Start of Block
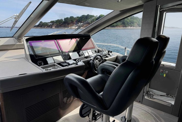 Su una barca di questo livello, la qualità percepita passa anche dalla maturità del pacchetto impiantistico. Il 76 Yacht è configurabile con suite di navigazione complete, doppi display, radar open array, integrazione dei sistemi di monitoraggio e apparati che consentono un controllo molto evoluto della piattaforma. In parallelo, le dotazioni da crociera prolungata possono comprendere doppio generatore, climatizzazione tropicalizzata, watermaker, illuminazione tecnica curata e stazioni supplementari di manovra utilissime nelle marine congestionate o negli ormeggi di poppa tipici del Mediterraneo.
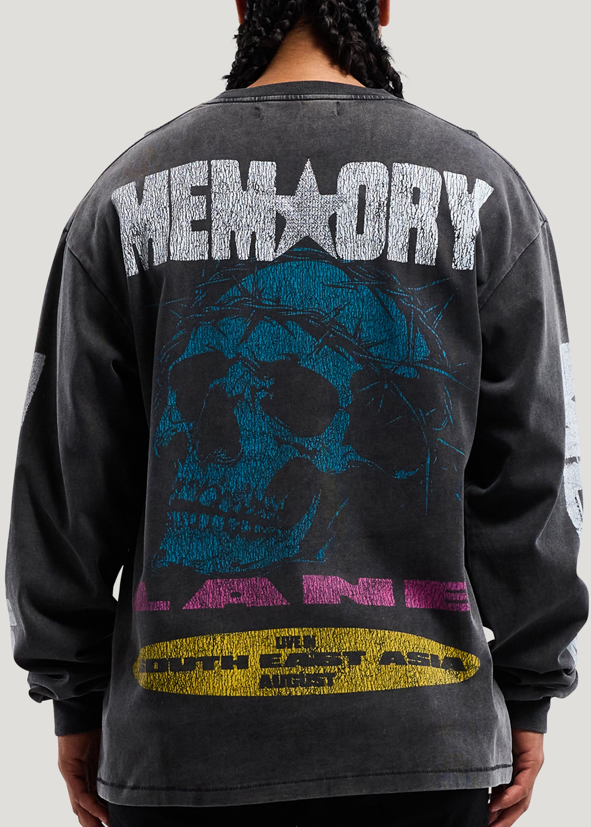 - 300gsm premium cotton jersey- Print on front - Print on back- Vintage wash- Rhinestones in designated areas
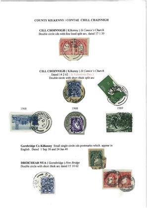 Kilkenny Postmarks, a collection by Selwood FitzpatrickThe display has been scanned to create a record of Part of Selwoods extensive postmark collection from Ireland. The images give an indication of the pages and is in low resolution scanned through the protective plastic sheets. In some scans there will be reflection, or some blurring of the image from the scanner.To see the full display click on the picture below for the relevant display. Once in that display, to see a larger image, click on the relevant page and a larger image will open on a new page. Some browsers allow this to be enlarged further by clicking on the page. Once viewed, click the back arrow on your browser to return to this page.
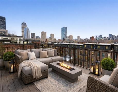 This stunning South End penthouse duplex offers exceptional city living with your own private roof deck oasis. Featuring 2 bedrooms and 2.5 baths, this home showcases updated fixtures, fresh paint, Pella double-pane windows, two-zone Nest thermostats, central air, in-unit laundry, and gas cooking. Bright and airy, boasting hardwood floors, spacious living/dining area with a marble-surround gas fireplace, and a dedicated alcove ideal for a home office. The open kitchen features a breakfast bar, updated stainless steel appliances, custom cabinetry, and ample storage. The upper level features a lovely primary suite with 2 large walk in closets, double vanity en-suite bath with soaking tub and a picture perfect view of the city. Generously sized second bedroom includes a large closet and is served by a well-appointed guest bath with new glass-enclosed shower and washer/dryer. A full-size staircase leads you up to the large, newly-built, composite roof deck with dazzling city views!
End of Block
TRY IT: Output, exactly as written, only the lines from the beginning of the listing through the line containing "Kilkenny Postmarks, a", both included, and no pictures.

TASK RESPONSE:
 Su una barca di questo livello, la qualità percepita passa anche dalla maturità del pacchetto impiantistico. Il 76 Yacht è configurabile con suite di navigazione complete, doppi display, radar open array, integrazione dei sistemi di monitoraggio e apparati che consentono un controllo molto evoluto della piattaforma. In parallelo, le dotazioni da crociera prolungata possono comprendere doppio generatore, climatizzazione tropicalizzata, watermaker, illuminazione tecnica curata e stazioni supplementari di manovra utilissime nelle marine congestionate o negli ormeggi di poppa tipici del Mediterraneo.
 - 300gsm premium cotton jersey- Print on front - Print on back- Vintage wash- Rhinestones in designated areas
 Kilkenny Postmarks, a collection by Selwood FitzpatrickThe display has been scanned to create a record of Part of Selwoods extensive postmark collection from Ireland. The images give an indication of the pages and is in low resolution scanned through the protective plastic sheets. In some scans there will be reflection, or some blurring of the image from the scanner.To see the full display click on the picture below for the relevant display. Once in that display, to see a larger image, click on the relevant page and a larger image will open on a new page. Some browsers allow this to be enlarged further by clicking on the page. Once viewed, click the back arrow on your browser to return to this page.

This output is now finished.